__DATA SHOWN__.
____
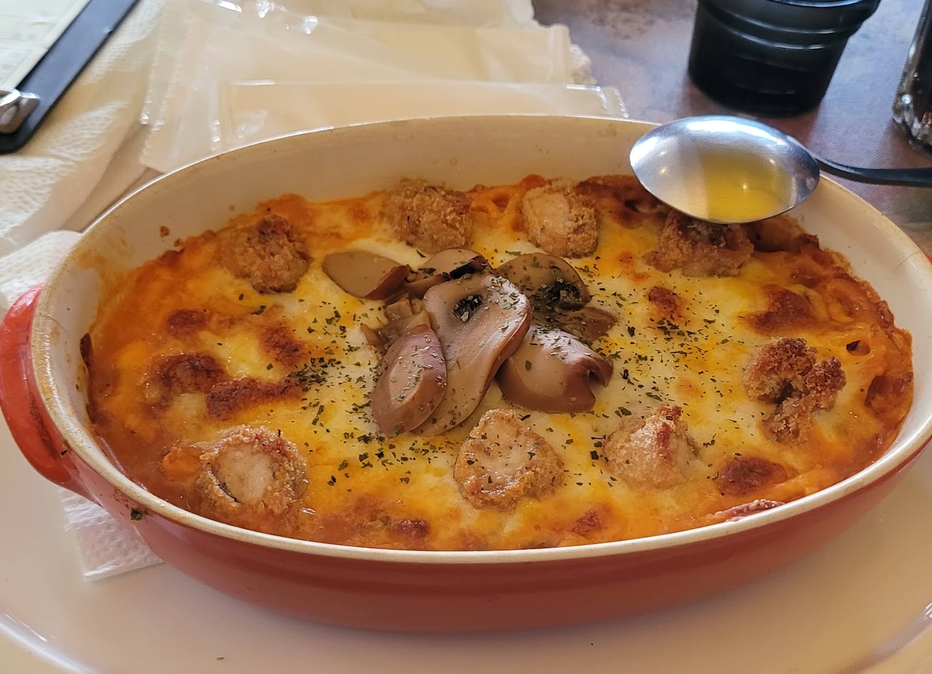 這天點的是焗烤紅醬酥脆豬排義大利麵
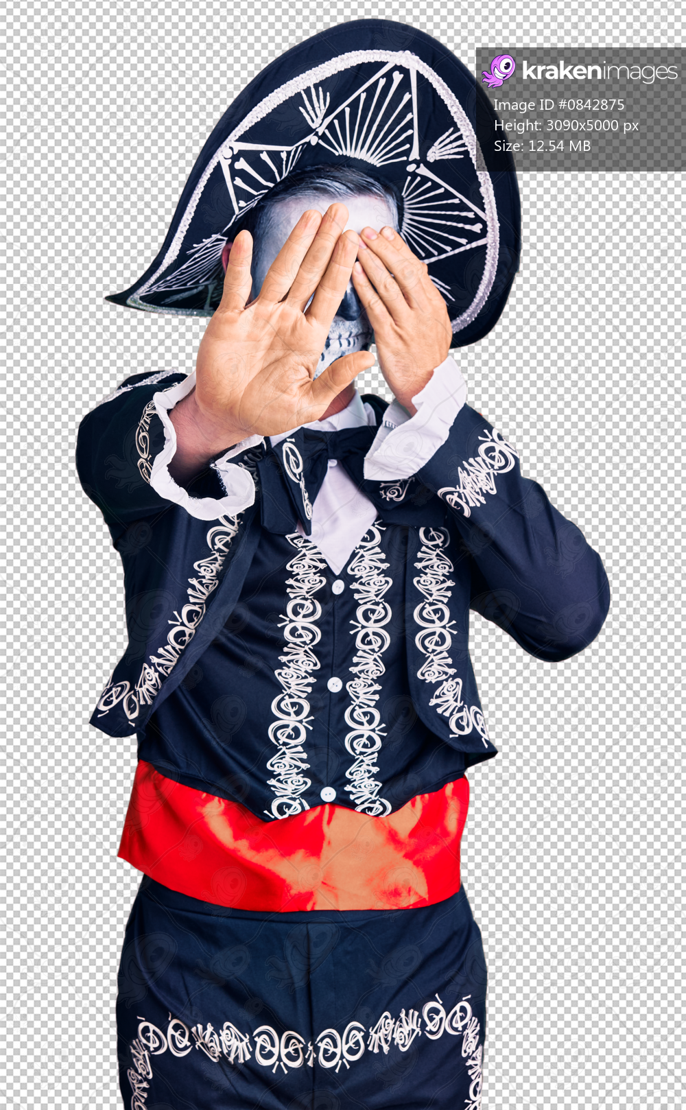 Young man wearing day of the dead costume over background covering eyes with hands and doing stop gesture with sad and fear expression. embarrassed and negative concept. - Kraken Images
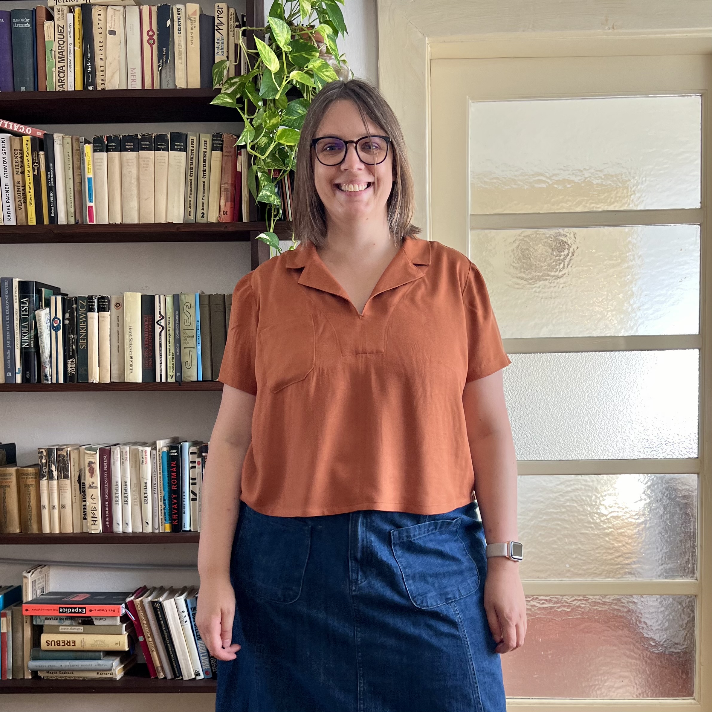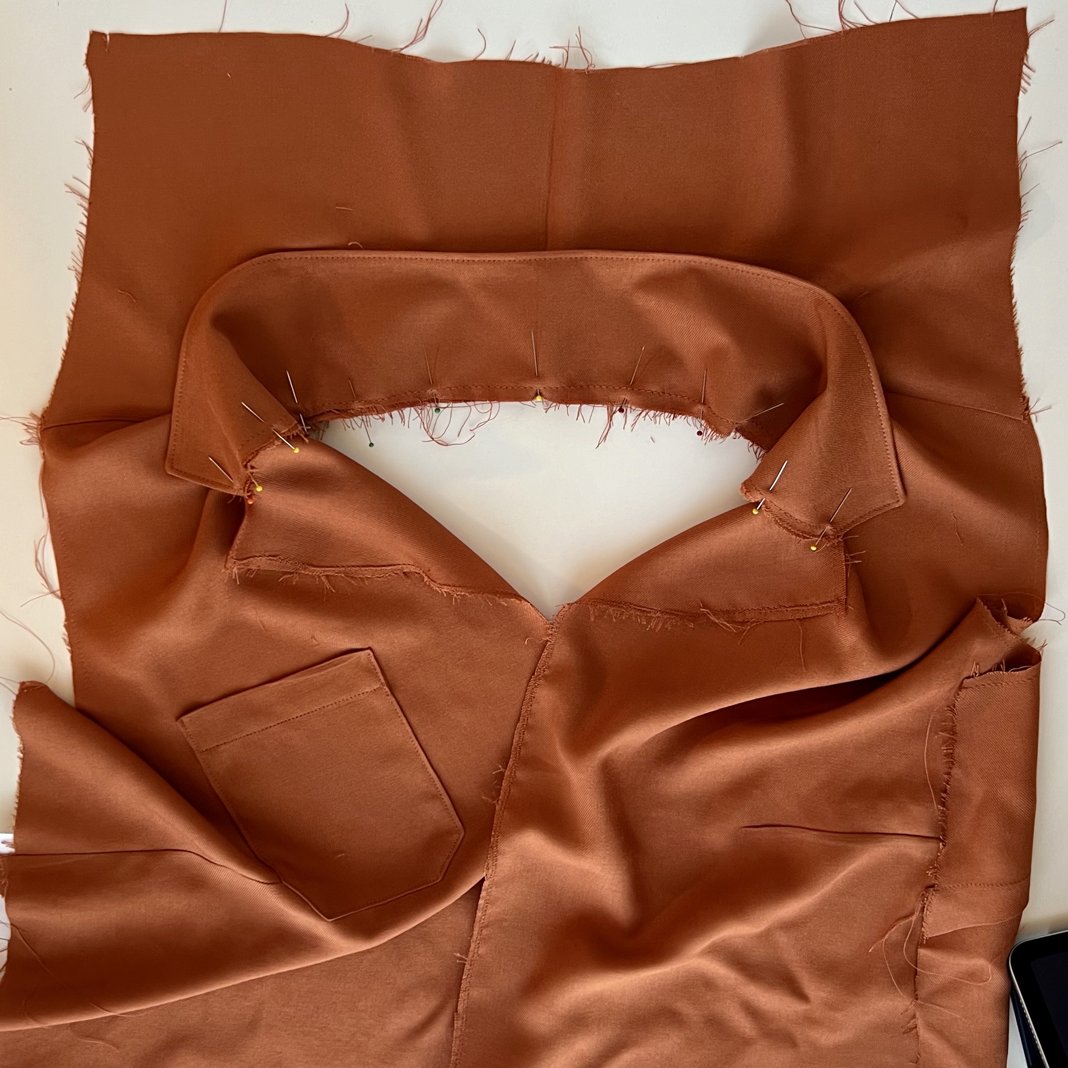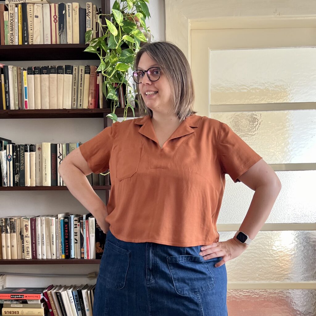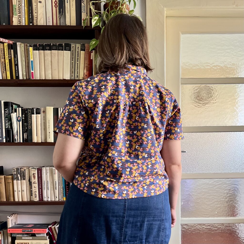 Ráda nosím tenhle druh límečku (nevím, jak se mu říká česky, anglicky je to camp collar). Cítím se v něm dobře a není tak složitý na ušití jako klasický košilový límeček. Celkově se střih šil dobře. Nemá knoflíky, rukávy se vsazují před sešitím bočních švů… Víc už by to asi zjednodušit nešlo. 🙂
____
__WORK ORDER__. Leave out the images and write out the listing above exactly.

__TASK ANSWER__.
 這天點的是焗烤紅醬酥脆豬排義大利麵
 Young man wearing day of the dead costume over background covering eyes with hands and doing stop gesture with sad and fear expression. embarrassed and negative concept. - Kraken Images
 Ráda nosím tenhle druh límečku (nevím, jak se mu říká česky, anglicky je to camp collar). Cítím se v něm dobře a není tak složitý na ušití jako klasický košilový límeček. Celkově se střih šil dobře. Nemá knoflíky, rukávy se vsazují před sešitím bočních švů… Víc už by to asi zjednodušit nešlo. 🙂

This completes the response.